Das Antikorruptionsreferat hatte zwei Aufgaben. Zum einen stellte es allgemeine Leitlinien zum Umgang von Bundeswehrangehörigen mit Unternehmensvertretern auf. Zum anderen sollten die Mitarbeiter konkreten Verdachtsmomenten über Bestechung und Betrug nachgehen. Das Referat hatte zwar keine staatsanwaltlichen Befugnisse, doch konnte es interne Ermittlungen durchführen und Akten einsehen. Erhärtete sich ein Verdacht, so sollte das Referat die Staatsanwaltschaft informieren und unterstützen sowie dienstrechtliche Maßnahmen einleiten. Auf den Tischen des Antikorruptionsreferats landeten zwischen 100 und 200 Fälle pro Jahr, 1966 sogar rund 500.95
Man kann diese Organisationseinheit durchaus als frühe Form einer Compliance-Abteilung ansehen, wie sie ab der Jahrtausendwende in vielen Unternehmen entstanden. Allerdings hatte das Antikorruptionsreferat eine Reihe von Besonderheiten. Am Anfang stand nämlich Adenauers Bitte aus dem Jahr 1957, das Verteidigungsministerium möge Unterlagen bereithalten, um im Fall von Enthüllungen in der Presse schnell reagieren zu können. Diese hatten offenbar während der Skandale um das Koblenzer Beschaffungsamt gefehlt. So war also eine von Adenauer beklagte PR-Panne der eigentliche Anlass für die Einrichtung des Referats.96
Bemerkenswert ist außerdem die personelle Kontinuität. Leiter dieses Arbeitsbereichs war bis 1969 Karl Helmut Schnell. Er durchlief die klassische Laufbahn vom Regierungsrat bis zum Ministerialrat und der Status seiner Arbeitseinheit wurde gewissermaßen parallel dazu nach oben angepasst, bis hin zum eigenständigen Referat. Man gewinnt den Eindruck, die jeweiligen Minister wollten Schnell um jeden Preis in seiner Funktion belassen. Seine Position und seine disziplinarischen Befugnisse nutzte er offensichtlich zum Aufbau einer enormen behördeninternen Machtposition. Nur so ist auch zu erklären, dass Helmut Schmidt als erster sozialdemokratischer Verteidigungsminister 1969 den Referatsleiter umgehend versetzte. Auf dieser Hierarchieebene ist ein solcher Personalaustausch nach Wahlen eher unüblich. Noch unüblicher ist, dass die Presse dies überhaupt berichtete und kommentierte.97 In den 1980er-Jahren, nach der Rückkehr der Union an die Macht, machte Schnell weiter Karriere.
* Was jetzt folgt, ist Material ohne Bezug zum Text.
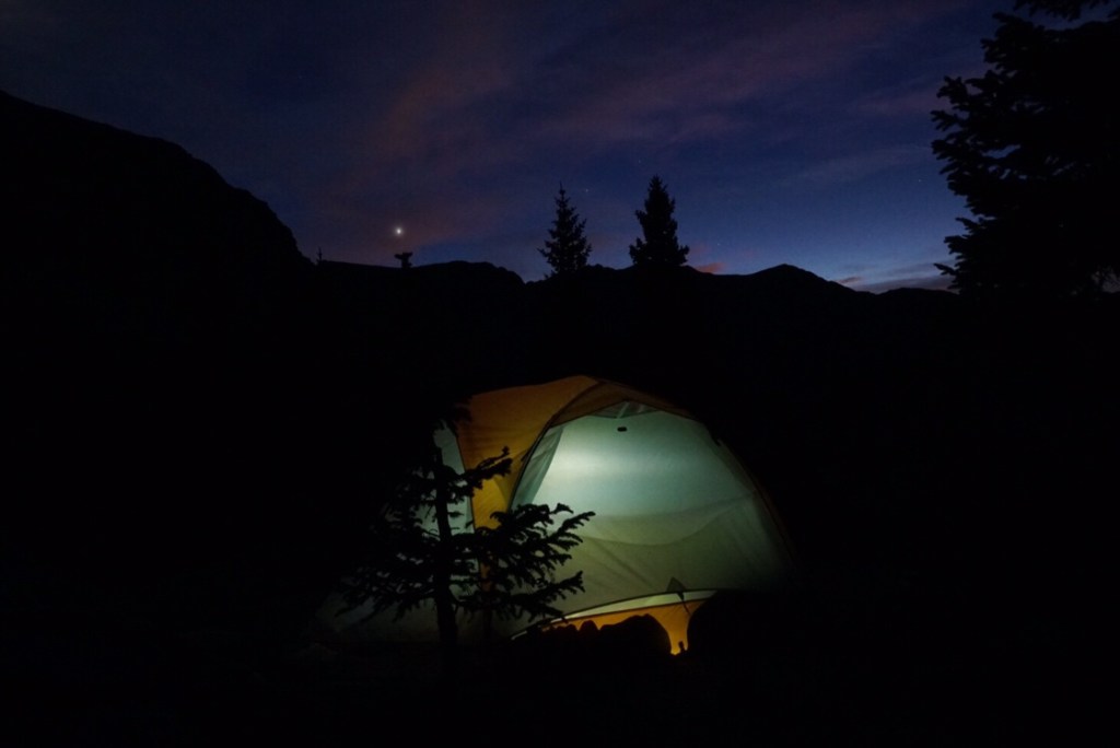 A crescent moon with a gauzy penumbra rises above the ridge to the right of the pass as the first stars of Sagittarius appear above the horizon. Matt aims his Starwalker app at the sky and thinks we can see Saturn, Jupiter and possibly Pluto in a line. This is an A+ campsite as far as we are concerned.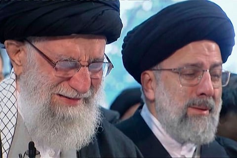 In this image taken from video, Iranian Supreme Leader Ayatollah Ali Khamenei, left, openly weeps as he leads a prayer over the coffin of Gen. Qassem Soleimani, who was killed in Iraq in a U.S. drone strike on Friday, at the Tehran University campus, in Tehran, Iran. (Iran Press TV via AP)

Er brachte es bis auf einen einflussreichen Abteilungsleiterposten und wäre beinahe in den Rang eines Staatssekretärs aufgestiegen. In der Bonner Verteidigungsszene galt Schnell über Jahrzehnte als eine Art „graue Eminenz“, wie Der Spiegel 1989 feststellte.98
Wie ist Schnells Wirken zu beschreiben? Zu Beginn seiner Tätigkeit formulierte er eine Verhaltensvorschrift für Beamte und Soldaten im Umgang mit Privatfirmen. Die Bediensteten sollten den Kontakt mit Firmen auf Dienstliches beschränken, mit Firmenvertretern ausschließlich in Diensträumen verkehren und Begegnungen in „Vergnügungslokalen“ meiden. Firmenspenden an einzelne Truppenteile seien abzulehnen und Lobbyisten seien nicht zu internen Feiern zugelassen. Geschenke unbekannter Herkunft sollten dem Vorgesetzten ebenso gemeldet werden wie jeder Bestechungsversuch.99 In einer internen „Belehrung“ von Soldaten, Beamten und Angestellten der Bundeswehr von 1960 wird ebenfalls die Annahme von „Vergünstigungen jeden Wertes“ durch Vertreter der Industrie verboten – ausdrücklich waren Kalender, Feuerzeuge sowie Bewirtungen oder kostenlose Autofahrten eingeschlossen.100 Es ging bei diesen Compliance-Regeln also vor allem darum, schon im Vorfeld eindeutiger Bestechung halb privat gefärbte Begegnungen zu unterbinden. Auch erscheinen die Standards als sehr streng.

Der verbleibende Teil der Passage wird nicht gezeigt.